Keywords: Medical Information Retrieval, Ontologies, UMLS, Deep Semantic Parsing
The Medical Concept Mapper described in this paper is a new tool which combines the powerful Unified Medical Languages System (UMLS) developed by the National Library of Medicine (NLM) with automated computational search space tools developed by the AI Lab at the University of Arizona. The Medical Concept Mapper consists of the Arizona (AZ) Noun Phraser with Specialist Lexicon, WordNet, the UMLS Metathesaurus and Semantic Net, and Concept Space. This system is innovative because it is an in-depth integration of manually created ontologies and computer generated tools, the intertwining of which allows a synergy to surface that surpasses the weaknesses and strengths of each tool when used on its own.
The structure of this paper is as follows: First, the components used in our new system are discussed. Their implementation, structure and the difficulties encountered when using them are described. Then the actual integration of all components, the algorithms and two user studies, are presented. The last section gives an overview of how this system will be integrated with other existing components into a medical MetaSpider.
2.1 The Arizona Noun Phraser
Noun phrasing is the extraction of noun phrases from free text.
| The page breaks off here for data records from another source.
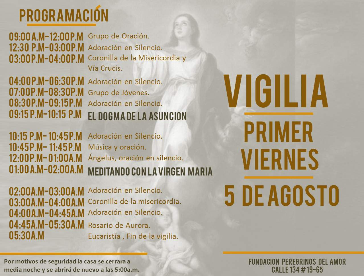 Las actividades semanales en invitaciones generales: Estas son las actividades principales de nuestra misión. El grupo de oración Hijos de María es un espacio abierto de oración para que jóvenes de los 25 años en adelante se congreguen y oren para crecer espiritualmente y formarse en la fe de nuestra Iglesia. El grupo de adultos es un espacio para que los adultos, inicia con la Santa Misa y luego adoración a Santísimo, durante este espacio se escucha una reflexión de nuestro fundador, Marino Restrepo. El grupo de Jóvenes es un espacio para los jóvenes entre 16 y 25 años donde se reúnen a orar y profundizar en diferentes temas de nuestra fe. El grupo de Jóvenes Misioneros del Santo Padre es un movimiento de evangelización que busca inculcar la necesidad de que el joven conozca profundamente su fe, aumentando así su amor por Jesucristo y su Iglesia e impulsándolo a salir y compartir sus testimonios de vida con otros jóvenes. El grupo de familias es un espacio para que se unan las familias frente a Jesús Sacramentado y tengan un momento de oración.
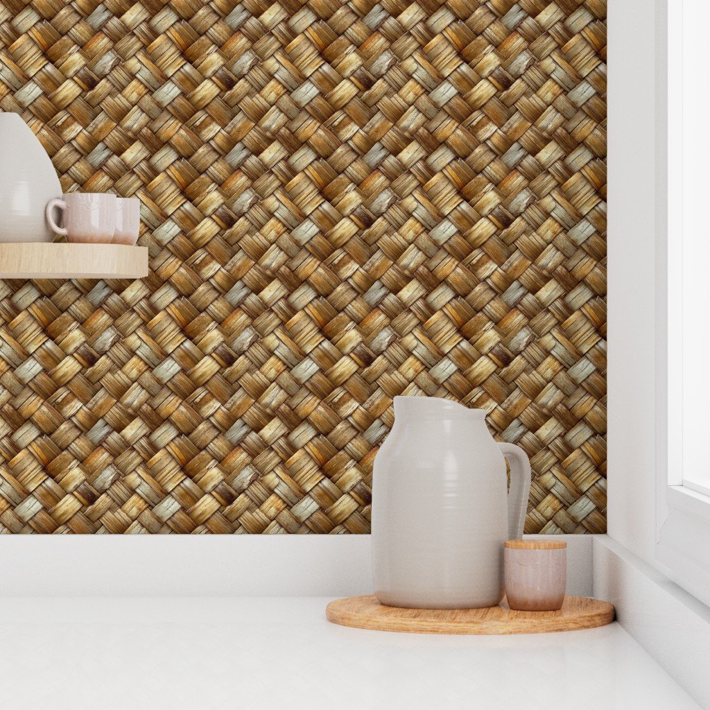 Natural Woven Wood Texture.’ This design captures the essence of artisanal weaving techniques, featuring a rich tapestry of interlaced wooden strips.
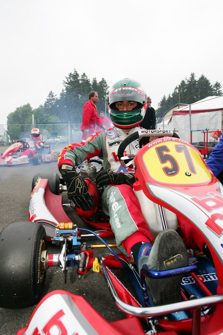 Luigi Cefalu ist mit einer finsteren Miene vom Hunsrückring in Hahn abgereist. Beim dritten Rennen zur ADAC Kart Masters lief es für den Wangener das ganze Wochenende nicht richtig rund. Der im Gesamtklassement auf Rang Fünf liegende Birel-Pilot hatte sich auch auf dem 1.257 Meter langen Kurs einiges vorgenommen. Doch schon im freien Training lief es mit den Rängen acht und sieben nicht ganz nach Wunsch. Luigi, wäre aber nicht Luigi, wenn der angriffslustige Pilot optimistisch ins Zeittraining gehen würde. Hier gab es den nächsten kleinen Dämpfer. "Platz acht ist enttäuschend, ich dachte ich bin auf jeden Fall unter den ersten Drei. Vorne hatte ich aber auch zu viel rutschen, da werden wir etwas am Chassis verändern. Dann sollte es im Rennen besser gehen." Der Auftakt am Sonntag fiel sprichwörtlich ins Wasser. Zwar hielten die Schleusen am Himmel und es blieb trocken, doch eine kaputte Membran verhinderte die Teilnahme am Warm-Up. Ungeachtet der Probleme startete Luigi mit großen Erwartungen ins Rennen und hatte gleich zu Beginn eine Menge Pech. "Mir ist gleich in der ersten Kurve einer von hinten ins Heck gefahren und ich habe mich gedreht. Von ganz hinten habe ich noch einmal alles versucht", resümierte er im Ziel. Dank einer sehr guten Chassiseinstellung raste Luigi von Rang 22 nach vorn, mehr als der 16. Platz war aber aufgrund des immensen Rückstandes nicht mehr drin. Trotz der "Nullrunde" ging der Blick bereits nach vorn: "Im Finale müssen wir schauen, aber von dem Startplatz wird es schwer." Im Grid reihte sich Luigi für das zweite Rennen auf Rang 32 ein. Wieder kam er am Start gut weg und wich bei einem erneuten Crash am Ende der Start-Ziel-Geraden gerade noch aus. Schon nach einer Runde lag Luigi auf Rang 25 und jagte sein Birel-Kart weiter wie ein Teufel um den welligen Kurs. Bei Halbzeit fuhr er als 15. zum ersten Mal in den Punkten und es sollte noch besser kommen. Er profitierte von einem weiteren Unfall im Mittelfeld und fuhr als Zehnter über den Zielstrich. "Am Ende ist der zehnte Platz das Beste, was ich rausholen konnte, aber insgesamt bin ich unzufrieden. Im Zeittraining und im ersten Rennen hatten wir Probleme, die wir erst zum Schluss in den Griff bekommen haben", zeigte sich Luigi gewohnt kritisch. "Jetzt geht es nach Wackersdorf… In der DKM bin ich Fünfter in der Gesamtwertung und da will ich wieder vorne dabei sein." Am 24./25. Mai ist es soweit, dann steigt der Große Preis von Wackersdorf.
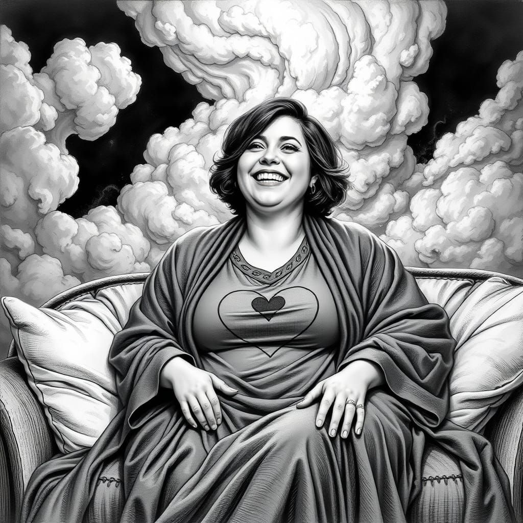 This image shows a plus-size woman sitting on a couch, surrounded by swirling clouds in a dramatic monochrome style with bold textures and deep contrasts, reminiscent of grand mythical scenes.

It has been used in information retrieval to capture a “richer linguistic representation” of document content . It has the potential to improve precision over other document indexing techniques, since it allows for multi-word queries to be matched with words present in the text documents .
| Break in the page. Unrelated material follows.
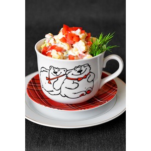 Я решила поднять настроение мужу и разложила салатник в такие вот забавные кружки |
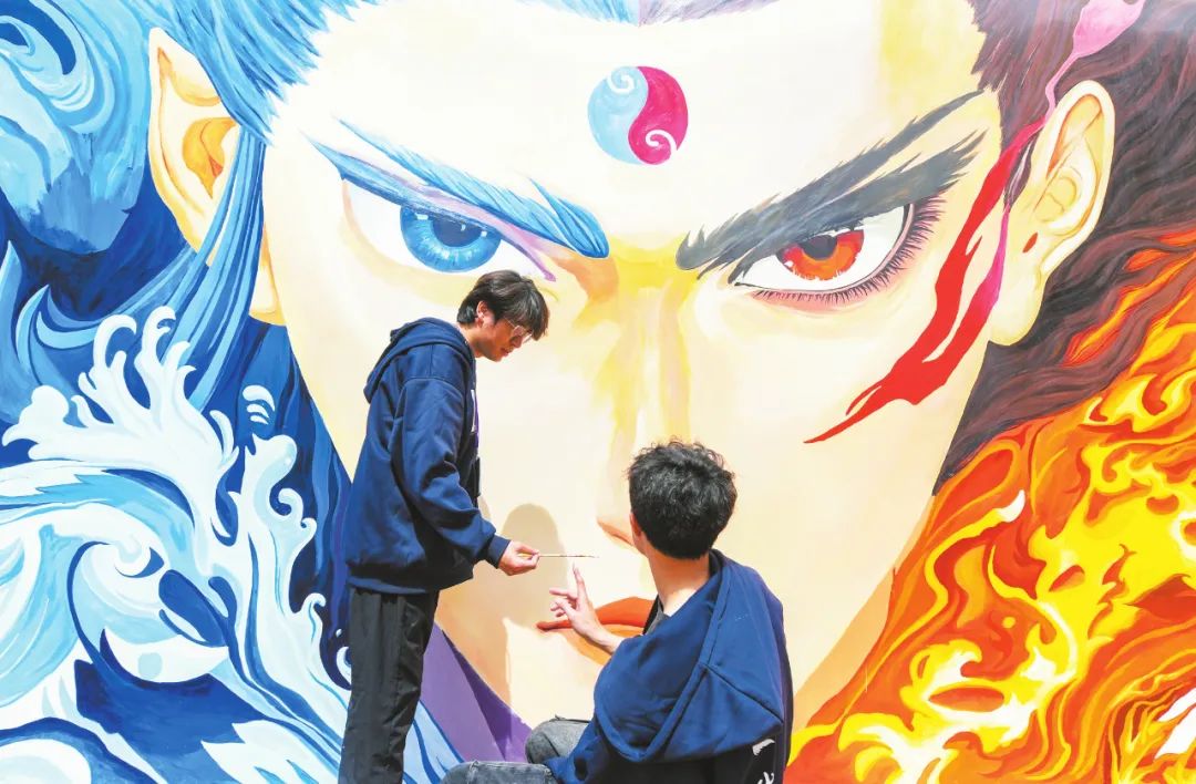 在坡博一横路,画师们对《哪吒之魔童闹海》主题墙绘进行精修。记者 康登淋 摄2

The AZ Noun Phraser was developed at the University of Arizona AI Lab to extract high-quality phrases from textual data . It has three components: a tokenizer, a tagger, and a noun phrase generator. The tokenizer module is designed to take raw text input and create output that conforms to the UPenn Treebank word tokenization rules. Its task is to separate all punctuation and symbols from text without interfering with textual content. The tagger module is a significantly revised version of the Brill tagger . Our initial implementation included two existing multi-domain corpora: the Wall Street Journal Corpus and the Brown Corpus. The version used for this experiment also includes the UMLS Specialist Lexicon, which has previously been shown to improve the extraction of medical phrases from text . The third module is the phrase generator, which converts the words and associated part-of-speech tags generated by the tagger into noun phrases. The phraser utilizes a pattern-matching algorithm to isolate phrases from the tagged text .
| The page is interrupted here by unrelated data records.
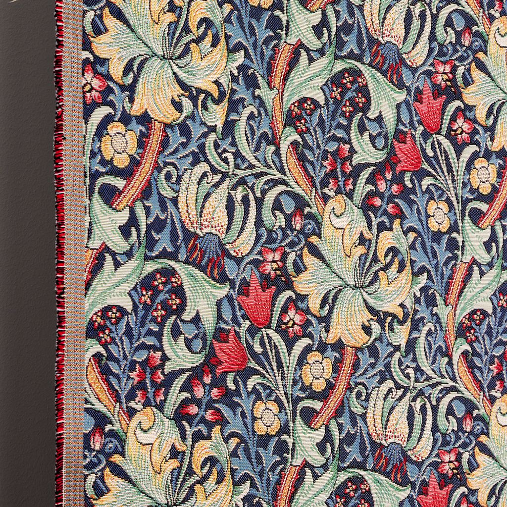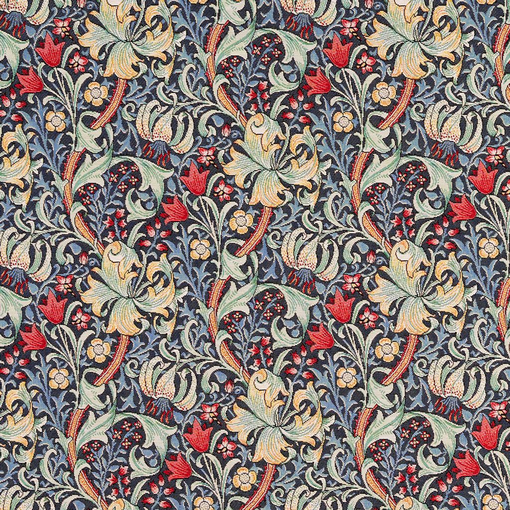 Verdelis mörkblå gobeläng är ett exklusivt möbeltyg med ett detaljerat, ornamentalt blommönster i djupt mörkblå botten kombinerat med nyanser av rött, grönt, beige och gult. Mönstret har ett klassiskt uttryck med tydliga historiska influenser och passar utmärkt i både traditionella och mer personliga, eklektiska miljöer.
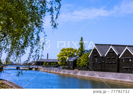 早朝の半田運河沿いにある蔵のまち 愛知県半田市
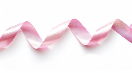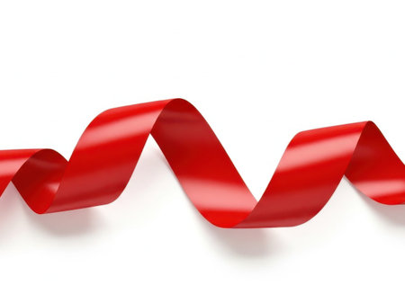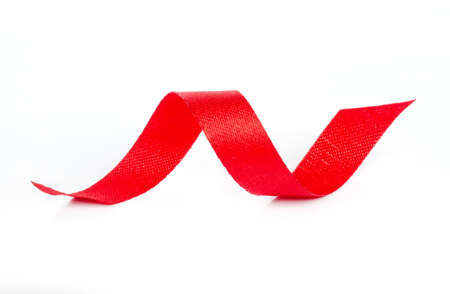 This image features a single, vibrant red ribbon elegantly curled and isolated against a clean, white background. The ribbon is the central focus, creating a striking contrast with the plain white backdrop. The image is ideal for various design and decorative purposes.
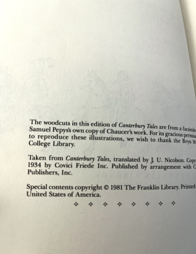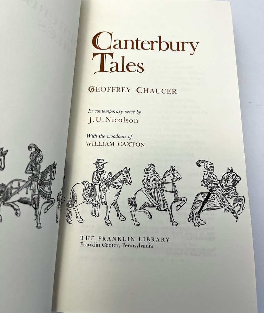 Offered in this collector’s edition by The Franklin Mint is the classic The Canterbury Tales (Middle English: Tales of Caunterbury). It is a collection of twenty-four stories that runs to over 17,000 lines written in Middle English by Geoffrey Chaucer between 1387 and 1400. It is widely regarded as Chaucer's magnum opus.

Ontologies provide consistent vocabularies and world representations necessary for clear communication within knowledge domains. A frequently used definition of 'ontology' is that it is 'an explicit representation of a conceptualization' [5-7]. Ontologies range from very general, e.g. WordNet , EuroWordNet , Cyc , to very domain-specific, e.g. the Enterprise Ontology  for business communication. The UMLS is an example of an extensive and specific ontology. Both the UMLS and WordNet will be discussed, since they will be used by the Medical Concept Mapper.
WordNet is an on-line accessible lexical database that contains approximately 95,600 different word forms that are organized into word senses . The word senses are very detailed. For each of them, a descriptive gloss and a set of synonyms is provided. The total lexicon contains four word categories: nouns, verbs, adjectives, and adverbs. There are about 57,000 nouns. The lexicon can be accessed online or downloaded free at http://www.cogsci.princeton.edu/~wn/. It covers different relations such as synonymy, antonymy, meronymy, and hyponymy. The relations are returned for all word senses of a term.
It is difficult to select the correct word sense in a given instance and incorrect word sense disambiguation will interfere with information retrieval [12-14]. The noun "head", for example, has 30 different senses. However important it may be to add synonyms to a query, including those that are irrelevant can have a very negative effect.
The UMLS is a long-term project of the NLM  developed to enable new information technologies to take advantage of controlled medical vocabularies [15-17]. The knowledge it contains, its definitions, concepts and structure are used in a variety of applications. One possible use is mapping user queries to relevant retrieved information . It is sometimes used purely as a knowledge base for other medical tools. Carenini and Moore  extracted the knowledge contained in the relations of the Semantic Net and used it for their patient education system. Others use its concepts for Web searches .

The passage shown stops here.